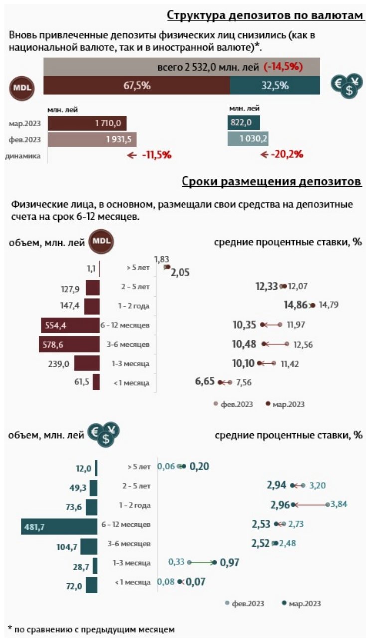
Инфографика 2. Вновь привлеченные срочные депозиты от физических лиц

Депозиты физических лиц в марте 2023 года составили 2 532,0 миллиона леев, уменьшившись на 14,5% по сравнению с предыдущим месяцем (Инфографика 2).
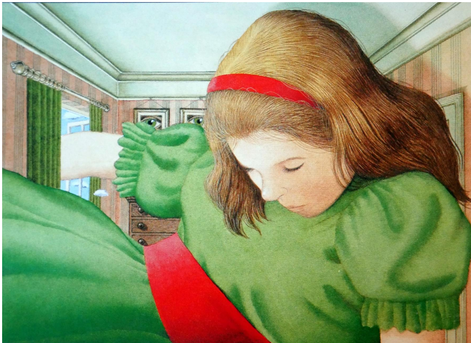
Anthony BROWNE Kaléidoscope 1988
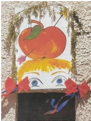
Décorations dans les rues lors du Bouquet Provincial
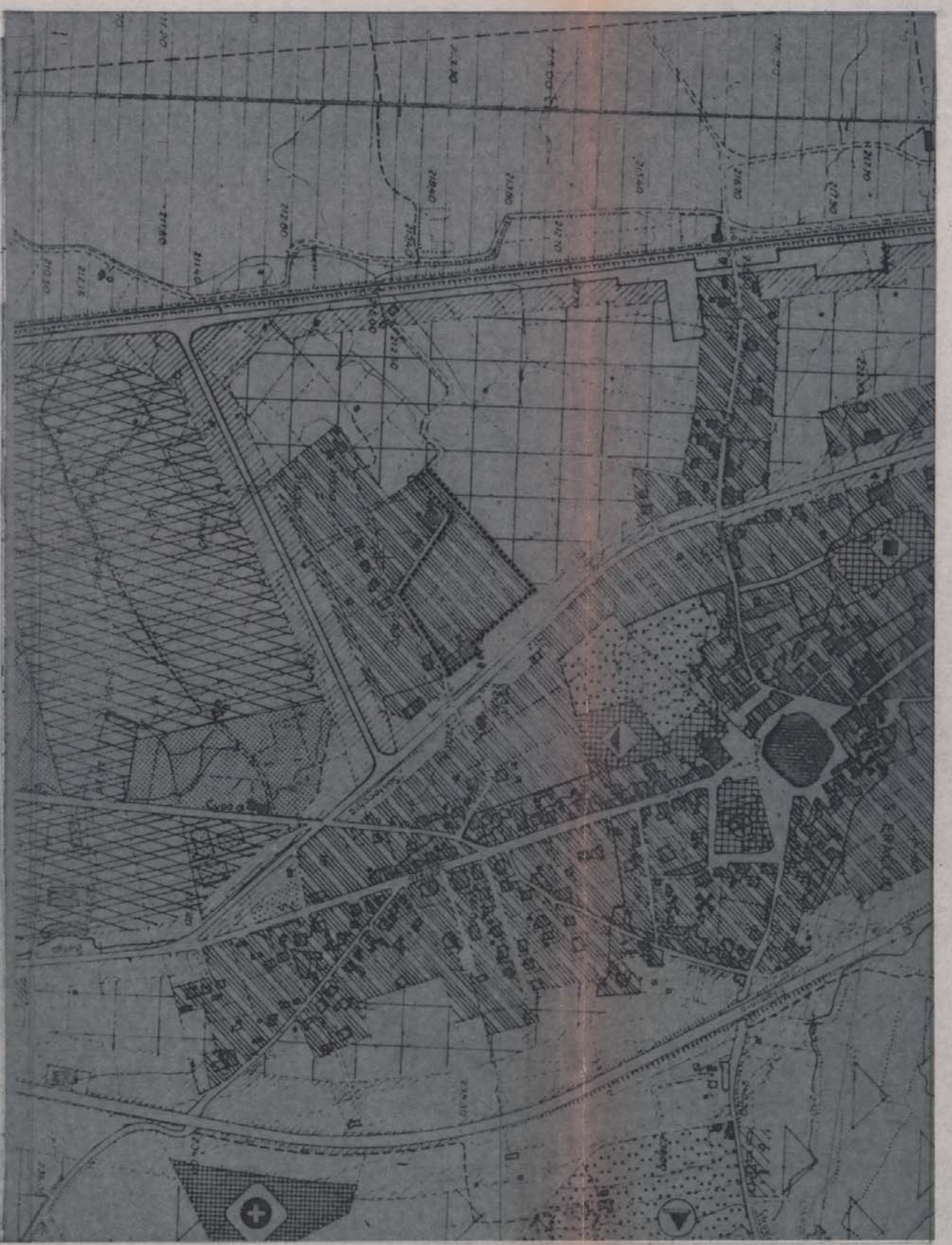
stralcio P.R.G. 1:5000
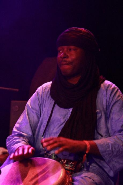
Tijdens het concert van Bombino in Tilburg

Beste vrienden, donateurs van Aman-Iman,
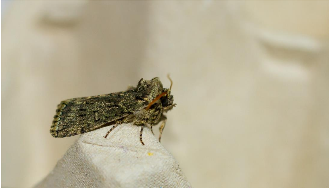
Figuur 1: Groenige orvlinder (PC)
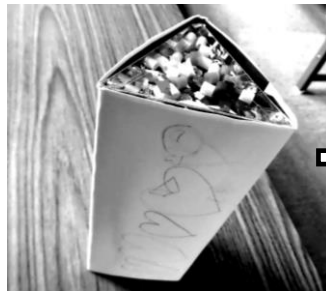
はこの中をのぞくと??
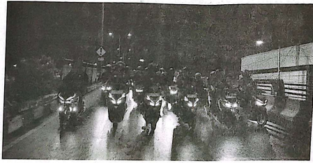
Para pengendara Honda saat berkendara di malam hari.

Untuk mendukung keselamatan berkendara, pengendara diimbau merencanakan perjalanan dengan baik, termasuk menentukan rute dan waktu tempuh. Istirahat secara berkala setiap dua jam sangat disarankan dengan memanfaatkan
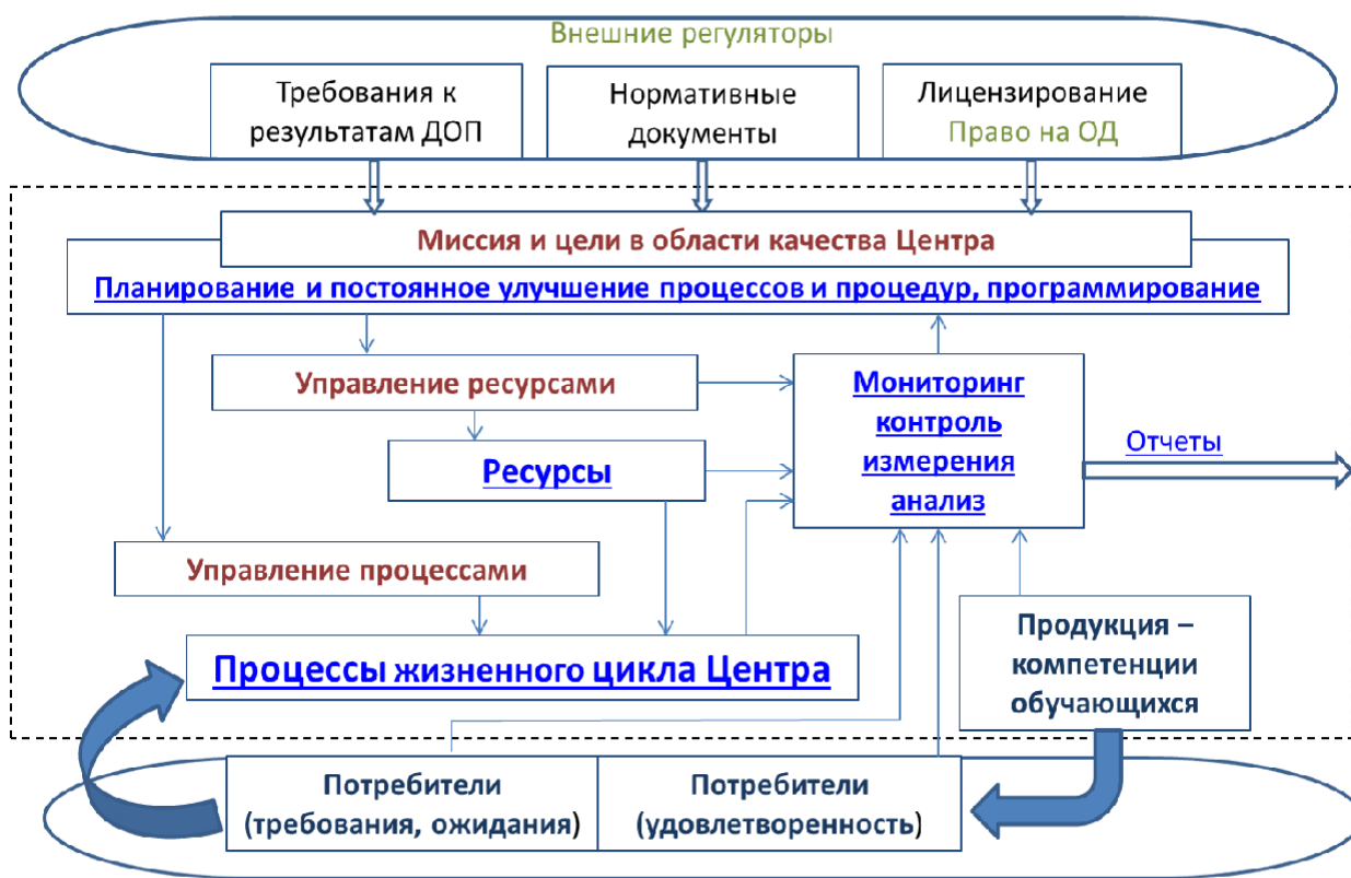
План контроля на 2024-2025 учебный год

■ Exercise description ■
Repeat every line above exactly, but omit all images.

■ Output of the task ■
Инфографика 2. Вновь привлеченные срочные депозиты от физических лиц

Депозиты физических лиц в марте 2023 года составили 2 532,0 миллиона леев, уменьшившись на 14,5% по сравнению с предыдущим месяцем (Инфографика 2).
Anthony BROWNE Kaléidoscope 1988
Décorations dans les rues lors du Bouquet Provincial
stralcio P.R.G. 1:5000
Tijdens het concert van Bombino in Tilburg

Beste vrienden, donateurs van Aman-Iman,
Figuur 1: Groenige orvlinder (PC)
はこの中をのぞくと??
Para pengendara Honda saat berkendara di malam hari.

Untuk mendukung keselamatan berkendara, pengendara diimbau merencanakan perjalanan dengan baik, termasuk menentukan rute dan waktu tempuh. Istirahat secara berkala setiap dua jam sangat disarankan dengan memanfaatkan
План контроля на 2024-2025 учебный год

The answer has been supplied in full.